Seu Zé reluta ainda, porém os dois homens continuam em direção ao sol, vagando por esse grande Brasil.


Servegonhici


Seu Enoc 

—Seu Zé, senhô pós os olhos naquela mulher? 


Seu Zé 

—Eu bisoiei sim, que poca vergonha, quanta servergonhici! No tempo que eu era juvenil, moça não mostrava nem as canelas! 


Seu Enoc

— Tá cagado de razão meu velho, minha anja Maria, nunca que punha uma veste desse charme, nem as primas de quando éramos garotos tinham tal safadeza!


Seu Zé

— O tempo que não volta! Agora é esse bar, tu e eu, não temos mais nossas muie!


Seu Enoc 

— Sinto falta de minha Maria, mas meu bom, estava aqui cucando com minha cuca, mulher agora não depende mais de ninguém não, deixa as meninas usarem o que querem!


Seu Zé 

— Tão mais que certa, purque que beleza é a mulher, né!?


Seu Enoc

— Com certeza! Lembra daquela galega de nosso tempo?


Seu Zé 

— Como não me lembrar, o primeiro olho que prende o cabra, ele nunca esquece!


Os dois em uníssono 

— Meu companheiro! Trás mais duas da branquinha pra nós esquecer a mardita que fez os corações chorar!!


A venda do Galo


Seu Zé

— Meu cumpadi, quanto quer nesse galo forte que só a porra?!


Seu Enoc

— 70 real te resolvo essa história, porém, tem que levar a galinha junto!


Seu Zé

— E quanto que custa a danada?


Seu Enoc

— Ela sai por 100 conto limpo, isso só purque tu é meu amigo!


Seu Zé

— Por que a galinha é mais cara que o galo?


Seu Enoc

— Ela é braba que só a bixiga, não deixa o coitado do galo ir se embora sem ela não.


Seu Zé 

— Então por qual motivo ela é mais cara?


Seu Enoc

— Ela pode te dar mais galinhas, se você tiver mais galinha, quem que vai comprar as minha?

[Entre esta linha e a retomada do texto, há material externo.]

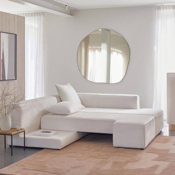 Envie d’un cocon dans le salon ? Voici Ginosa : un canapé confortable et convivial fabriqué en France. Son volume, sa profondeur d’assise et son revêtement texturé sont directement inspirés des 70’s.Côté fonctionnalité : il se transforme en couchage d’un simple pivotement. Pratique non ? Et c’est une création La Redoute Intérieurs.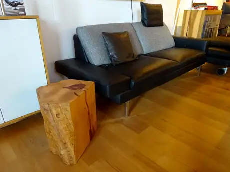 Einem oberpfälzer Tierarzt lieferten wir das Elsbeerenwohnzimmer nach Brixen in Südtirol, wo jetzt beide ihren Ruhsitz genießen. Man erkennt das typische Nachdunkeln der Elsbeere

Seu Zé ri E entrega 170 para Seu Enoc pelos dois animais


Seu Enoc e o Drogo 


Seu Enoc estava em seu bar, bebendo água que passarinho não bebe, até que chega um homem e diz.

—Meu amigo, me traz uma cerveja bem gelada! 


Seu Enoc

—Nossa, qual teu nome criança, tu é fi de quem?


— Me chamo Drogo, sou filho de dona Marta a costureira.


Seu Enoc

— Nome de Santo? Pena que não é lá o mais bonito.


Drogo

— Santo? Tem algum com meu nome?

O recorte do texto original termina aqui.